Algorithm Suitability for Parallel D&C
Algorithm	Parallelism Quality	Notes
Merge Sort	Excellent	Balanced division, independent subproblems
Quicksort	Good	Partition may be unbalanced; use good pivot selection
Binary Search	Poor	Sequential by nature - only one branch matters
Matrix Multiply	Excellent	Block decomposition parallelizes well
Tree Traversal	Variable	Depends on tree balance
Fast Fourier Transform	Excellent	Regular structure, independent butterflies

Not All D&C is Parallel-Friendly

Binary search is divide-and-conquer but NOT parallel: each step depends on the previous comparison. The key is independent subproblems—if solving one branch affects another, parallelism is limited.

Optimization Techniques

Performance Optimization Strategies

•Tune sequential threshold — Profile to find optimal cutoff (typically 1K-10K elements)
•Cache-oblivious design — Let recursion naturally fit data into cache hierarchy
•Memory allocation — Pre-allocate buffers to avoid allocation in hot paths
•Avoid object creation — Reuse task objects or use primitive arrays
•Consider hybrid algorithms — Use insertion sort for small arrays within merge sort
•Parallelize the combine step — Parallel merge can further reduce span

Threshold Tuning Example:

// Benchmark with different thresholds
int[] thresholds = {256, 1024, 4096, 16384, 65536};

for (int threshold : thresholds) {
    THRESHOLD = threshold;
    long start = System.nanoTime();
    sort(data.clone());
    long time = System.nanoTime() - start;
    System.out.printf("Threshold %6d: %.2f ms%n", threshold, time/1e6);
}

// Output might show:
// Threshold    256: 180.5 ms  (too fine - overhead)
// Threshold   1024: 145.2 ms  
// Threshold   4096: 135.8 ms  (optimal for this workload)
// Threshold  16384: 140.1 ms
// Threshold  65536: 165.3 ms  (too coarse - less parallelism)

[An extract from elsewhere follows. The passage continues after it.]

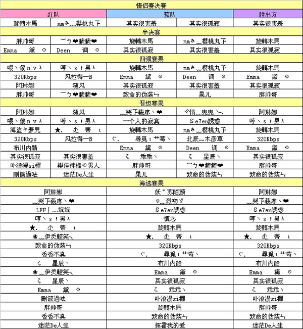 2、 每天的比赛结果将在第二天下午16:00前在官网公布,活动奖励在全服活动结束后3~5个工作日内统一发放。届时将发放实际出战者的奖励(如决赛、4强对决阶段,参赛一方的情侣未能出战,则不获得奖励。如比赛过程中掉线,则可获得对应名次的奖励。)

Summary: Parallel Divide-and-Conquer Mastery

Key Takeaways

•Divide-and-conquer naturally maps to fork-join — Independent subproblems execute in parallel
•Work is total computation; Span is critical path — Parallelism = Work/Span
•Span only counts one branch — Parallel subproblems don't add to span
•Merge sort is the canonical example — Balanced, predictable, excellent parallelism
•Quicksort needs good pivots — Median-of-three prevents worst-case imbalance
•Sequential threshold is crucial — Too small = overhead; Too large = limited parallelism
•Not all D&C parallelizes — Need independent subproblems (binary search doesn't work)

Module Complete

Congratulations! You've completed the Fork-Join Model module. You now understand fork operations, join synchronization, task decomposition strategies, Java's Fork/Join framework, and parallel divide-and-conquer algorithms. These concepts form the foundation for building efficient parallel applications.